Construction Operations Team
Replaces Weekly Spreadsheet Reporting with Unified Plant and Labour Visibility
The Challenge
Weekly management reporting depended on spreadsheets that brought together information from plant, labour, project, and schedule data sources that were not naturally aligned.
The spreadsheets had accumulated structural fragility over time. Formulas that referenced fixed row positions broke without warning when someone inserted or deleted a row, and the error often went unnoticed until a report produced an obviously wrong number. There was no version control — multiple copies of the same file circulated across the team, and it was rarely clear which version reflected the current week’s data or the most recent structural change.
Data quality problems ran deeper than formatting. The weekly reports required manual joins across separate sheets — plant records from one source, labour allocations from another, project assignments from a third. Each join was an opportunity for misalignment. Assets were referenced by slightly different identifiers across systems, staff names did not always match between the scheduling sheet and the payroll export, and the rules for how to handle part-week allocations were undocumented and applied inconsistently.
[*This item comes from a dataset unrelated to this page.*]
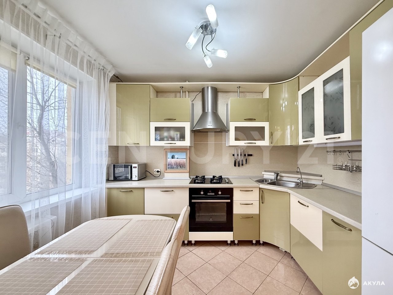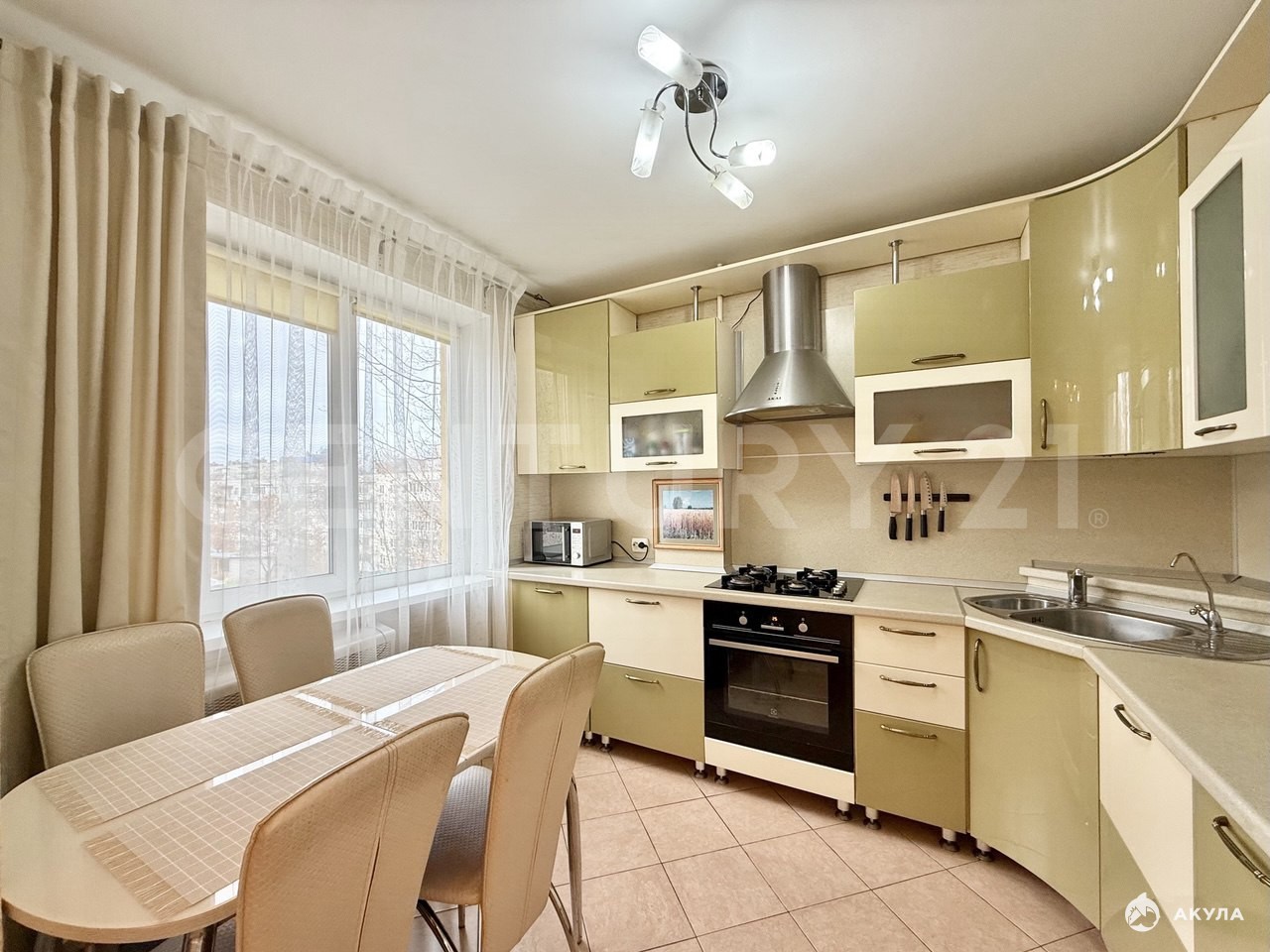 Вся встроенная мебель , частично встроенная техника, мягкая и корпусная мебель - остается.

The business needed a dashboard that could turn fragmented operational data into a repeatable reporting view for management, without hiding the realities of inconsistent upstream systems.
Our Solution
We designed a reporting dashboard that pulls together plant, labour, schedule, and project data into a structured weekly management view.
The first step was not building charts. It was documenting the data. Before any visualisation work began, we worked through the upstream systems to identify which fields were reliable, which were populated inconsistently, and where the joins between datasets depended on undocumented assumptions. Those rules were made explicit and encoded into the data layer so the dashboard would reflect what the data actually supported rather than what management hoped it showed.
Forecast views required a different approach from historical reporting. Looking backward at utilisation is straightforward when the data is clean; looking forward requires an explicit model of how allocations, availability, and project demand interact over the coming two weeks. We built those views separately from the historical panels, making it clear to users what each view was based on and where the uncertainty was highest.
Technology Stack
- Data sync: Operational data from workforce and project systems is brought into a central reporting layer for dashboard use.
- Reporting dashboard: Management reporting is presented through KPI, utilisation, and lookahead views instead of spreadsheet assembly.
- Operational platform: Plant, labour, project, and schedule context can be reviewed together in one system.
- Forecast views: Near-term planning is supported through forward-looking reporting windows and allocation visibility.
- Data rules: Known data-quality traps are documented and handled explicitly so the dashboard does not hide unreliable assumptions.
Results & Impact
Management has visibility they did not have before — and that is a more meaningful statement than it sounds. Previously, the weekly report was a snapshot assembled under time pressure from partially misaligned sources. Now, plant utilisation, labour allocation, and project status are available in a single view without a manual assembly step.
The two-week planning window changed how resource decisions get made. Rather than responding to conflicts as they surface, the team can see where plant or staff are double-allocated before the week begins and make adjustments while there is still time to act. Asset decisions that previously required a senior manager to mentally reconstruct the schedule from memory are now supported by a forward-looking view that is updated automatically.
The dashboard also surfaced data quality issues in the upstream systems that had been invisible when reporting was done manually. Once joins and assumptions were made explicit, gaps became apparent — and that awareness has driven improvements in how operational data is recorded at source.
92 Assets
Plant data can be reviewed in the same reporting environment as labour and schedule information.
67 Staff
Workforce visibility improves when active labour data is connected to project and schedule context.
2-Week View
Forward planning becomes easier when forecast and lookahead reporting are built into the dashboard.